● **Recorded information**
=== Section Start ===
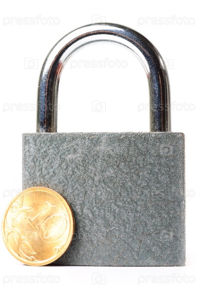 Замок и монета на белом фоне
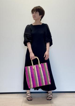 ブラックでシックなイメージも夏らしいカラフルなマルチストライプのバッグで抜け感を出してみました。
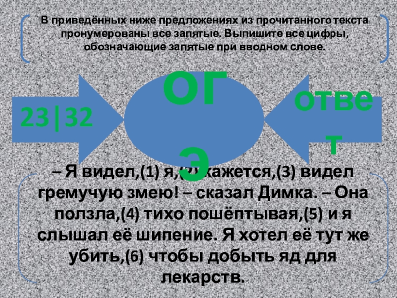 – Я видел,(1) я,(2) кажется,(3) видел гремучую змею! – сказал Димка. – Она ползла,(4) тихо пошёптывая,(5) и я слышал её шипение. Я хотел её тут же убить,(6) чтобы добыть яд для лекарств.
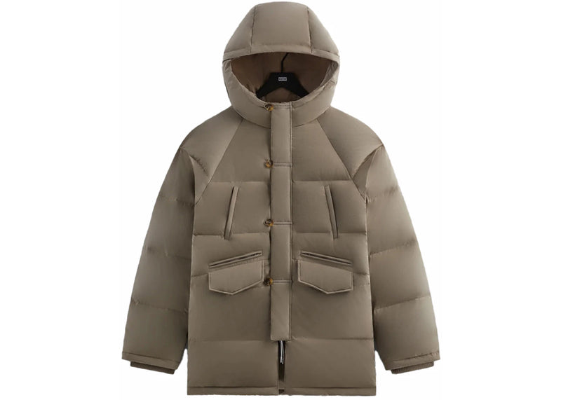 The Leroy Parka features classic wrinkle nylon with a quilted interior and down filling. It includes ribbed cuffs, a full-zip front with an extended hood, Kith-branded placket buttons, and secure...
=== Section End ===
● **Exercise requirements**
Beginning with the line that has "яд для лекарств.", repeat each remaining line of the data above word for word, keeping pictures out.

● **Response**
 – Я видел,(1) я,(2) кажется,(3) видел гремучую змею! – сказал Димка. – Она ползла,(4) тихо пошёптывая,(5) и я слышал её шипение. Я хотел её тут же убить,(6) чтобы добыть яд для лекарств.
 The Leroy Parka features classic wrinkle nylon with a quilted interior and down filling. It includes ribbed cuffs, a full-zip front with an extended hood, Kith-branded placket buttons, and secure...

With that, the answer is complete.